The Economist dergisi her yıl bir sonraki yıla dair öngörülerini ve gizli planları şifreleyen kapaklar yayınlar.
Bugünlerde 2018 yılına dair yeni kapağını yayınladı.
Kapakta bir çok şifre olduğu iddia edildi. Bazı yorumlamalar yapıldı.
Dergi kapağındaki simgelere baktığımızda bazı çağırışımlarda bulunulmuyor değil.

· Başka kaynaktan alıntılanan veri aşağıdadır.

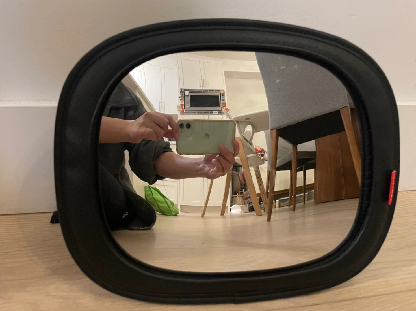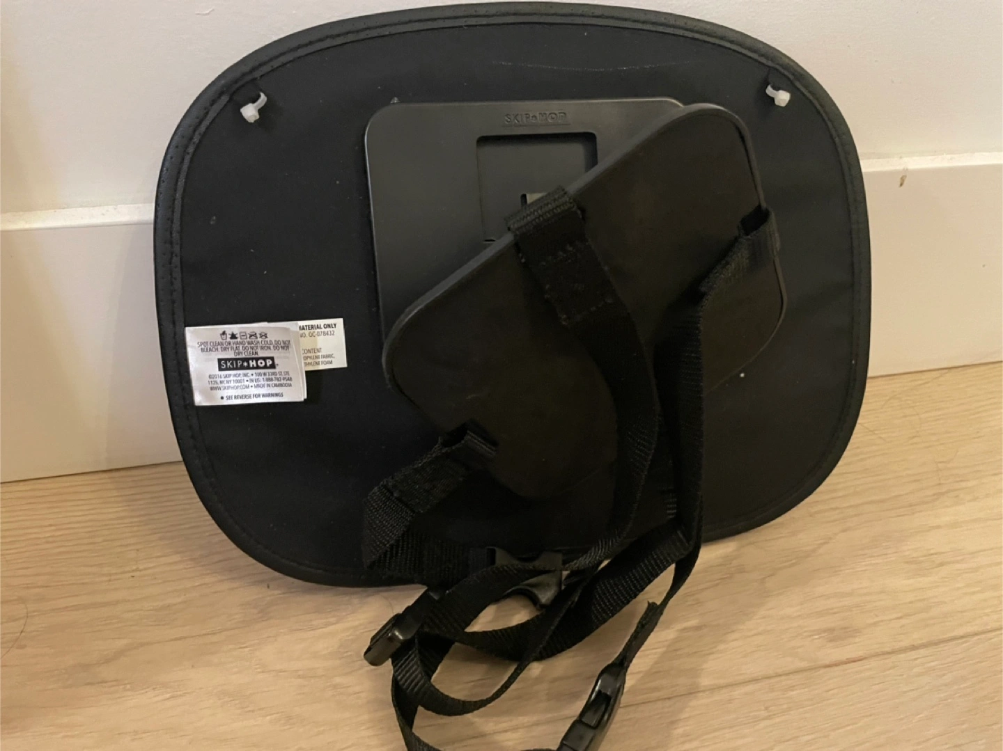 Black car mirror for backseat viewing. Adjustable straps for secure attachment. Like new condition. There’s some minor scratches on the mirror but it’s not noticeable esp when you’re driving.

Özellikle Dinlerarası Diyalog, Şehitler Köprüsü ve uçak, Nükleer Savaş, AB’nin dağılması, Mülteciler Sorunu, Orta Doğu’daki savaşlar ve mücadele, petrol üzerindeki mücadelelerin devam edeceği gibi simgeler var..

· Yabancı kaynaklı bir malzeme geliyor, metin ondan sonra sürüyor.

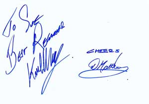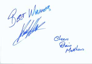 Karl Champley and Diane Matthews signed photos. Obtained through the mail. Mr. Champley was a sailor in Pirates of the Caribbean: Curse of the Black Pearl and you can check him out on DIY to the Rescue. I was so tempted to ask a home improvement question (my main one concerns molding; where to cut it off -bevel? straight? etc). But I behaved myself. My thanks to him and Ms. Matthews for signing! |

Türkiye ile ilgili olan ise bize şunu anlatıyor ki vesayetçi güçler durmayacak.
15 Temmuz saldırılarının bitmediği 2018’de de devam edeceği ima ediliyor.
Belki bu doğrudan tank üzerinden olmayacak da farklı yollarla darbe yapmaya kalkışacaklar.

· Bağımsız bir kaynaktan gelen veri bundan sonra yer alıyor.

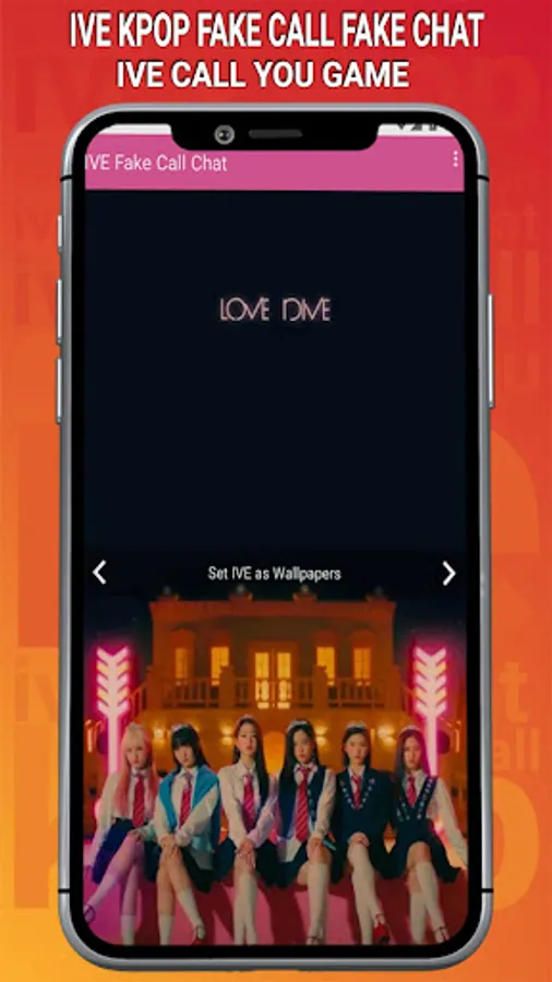 Hi DIVE…. IVE fake video call and chat messenger simulation is a prank game app that simulate IVE call you and also chat with IVE all member An Yujin, Gaeul, Rei, Jang Wonyoung, Liz, and Leeseo. The app will entertain and fun for you at your free time because you will get an incoming call from IVE your KPOP idol. The chat messenger with IVE itself also comes with fake call and video call from IVE member. Using this app you can prank and show off to your friends by saying look… I have chat with IVE because the chat simulation feature is very similar to real chat message. You send the text and they will reply to your text. Or, you can also brag to your friends by saying look.. I get an incoming call or video call from IVE. So if you are true DIVE, wait no more, download IVE fake call for free today.

Daha önceki yazılarımızda da belirtmiştik ABD’nin Doğu Akdeniz üzerinde planları var ve bu mücadelede Türkiye ben de varım dediği ve buyruklara boyun eğmediği için hedef!
Türkiye’ye savaş açma taraftarı olan Pentagon bu noktada Türkiye üzerinde gücünü arttırmak için her yolu deneyecektir.
Köprü üzerinde savaş uçağı verilmesi de Türkiye üzerindeki oyunların devam edeceğini anlatıyor.
Dinlerarası diyaloga gelirsek, bildiğimiz üzere bu oyunun ülkemizdeki temsilcisi FETÖ’ydü.
Ancak görülüyor ki Batı hala daha bu diyalogdan vazgeçmiş değil.
Suudi Arabistan’daki hareketlenmeyi göz önüne alırsak bu oyun Suudi Arabistan üzerinden yürüyecek gibi duruyor.
En nihayetinde Veliaht Selman’ın ılımlı islam açıklamalarını unutmamak gerekiyor.
Yani haçlı zihniyetini hakim kılmak için İslamiyet’e açtıkları savaş sinsice devam edecek.
Mülteciler sorununun devamı ise bölgede sorunların çözülmeyeceğine daha doğrusu çözdürmeyeceklerine işaret!
Terör örgütleri ile Müslüman ülkelerin topraklarını talan, müslümanları ise parçalayıp yok etmekte kararlılar.
İsrail bu noktada daha da güçlenmesi için girişimleri olacaktır. Topraklarını genişletmek için elinden geleni yapacağı açık ki nitekim Arap-Yahudi savaşı simgelemesi de var Economist’in kapağında..
AB’nin dağılmasına gelince AB ülkelerinde ırkçılığın artması, ekonomik sıkıntıların halledilemiyor olması dağılmayı yaklaştırıyor.
İngiltere ile açılan bu kapı verilen işarete göre daha da aralanarak başka ülkelerin çıkışıyla da devam edecek gibi duruyor.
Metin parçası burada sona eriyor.